We were delighted to welcome speaker Luca De Feo to give this talk.
Alice and the White Rabbit have a secret rendezvous at 10th Ave. with 20th St. From her spot in Central Park, Alice hikes 56 blocks South and 5 blocks West, while the Rabbit goes 38 blocks South and 5 blocks West. Will the Hatter be able to find their secret hideout and sneak up on them?
Unfortunately, yes. Our Manhattan is not meant for secrets. But in Wonderland there exist multi-dimensional Manhattans where even the maddest hatter could not guess Alice's route of 3 blocks South, 4 West, 5 Azimuth, 7 Qing, 1 Al Gharb, ....
When mathematicians loose all sense of space and distance, they model "reality" with graphs. Expander graphs are like extremely well connected Manhattans, where in just a handful blocks one could find themself at any intersection! But how to find one's way in such a labyrinth?
Expander graphs have long been studied by mathematicians and computer scientist alike. Their elegant structure lends itself to beautiful analyses, and their properties lead to powerful applications. Although random graphs tend to be expanders, optimal expander graphs are difficult to build mathematically, and only a handful of constructions are known.
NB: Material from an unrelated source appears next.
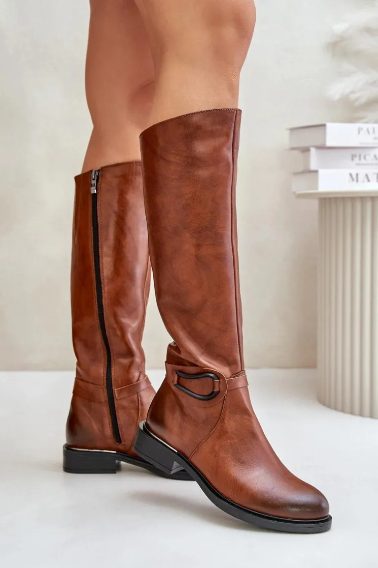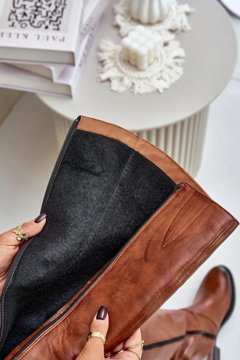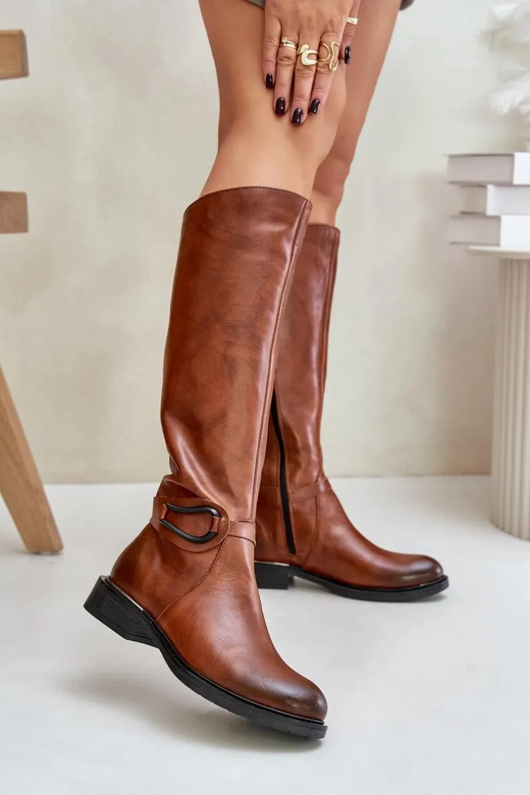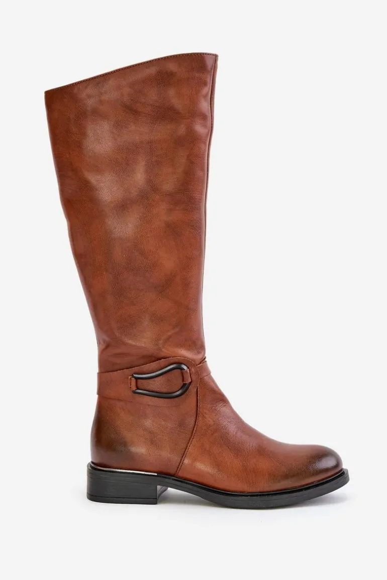 Damskie kozaki wykonane z naturalnej skóry stanowią eleganckie i komfortowe rozwiązanie. Dzięki płaskiemu obcasowi, użytkowanie przez cały dzień jest niezwykle wygodne. Cholewka sięgająca przed kolano dodaje elegancji i doskonale pasuje do różnorodnych stylizacji. Zapinane na zamek, co ułatwia zakładanie. Ozdobny pasek na cholewce nadaje wyjątkowego charakteru. Idealne zarówno na codzienne wyjścia, jak i na specjalne okazje, te kozaki będą znakomitym dodatkiem do Twojej garderoby! Przy wyborze rozmiaru prosimy sugerować się tabelą rozmiarów.

One of the most fascinating is based on Hecke operators acting on spaces of modular forms, a construction that also has interpretations in maximal orders of quaternion algebras and in supersingular elliptic curves over finite fields.
Going in depth about these beautiful connections would take us too far, and probably a PhD or two. But in this presentation we at least peered under the graph and learned how the mathematical structure not only gives us optimal expanders, but also a compass to find our way in Manhattan, Wonderland. And, lo and behold, this compass lets us do cryptography: hiding messages in gigantic expander graphs that only the intended recipient is able to find!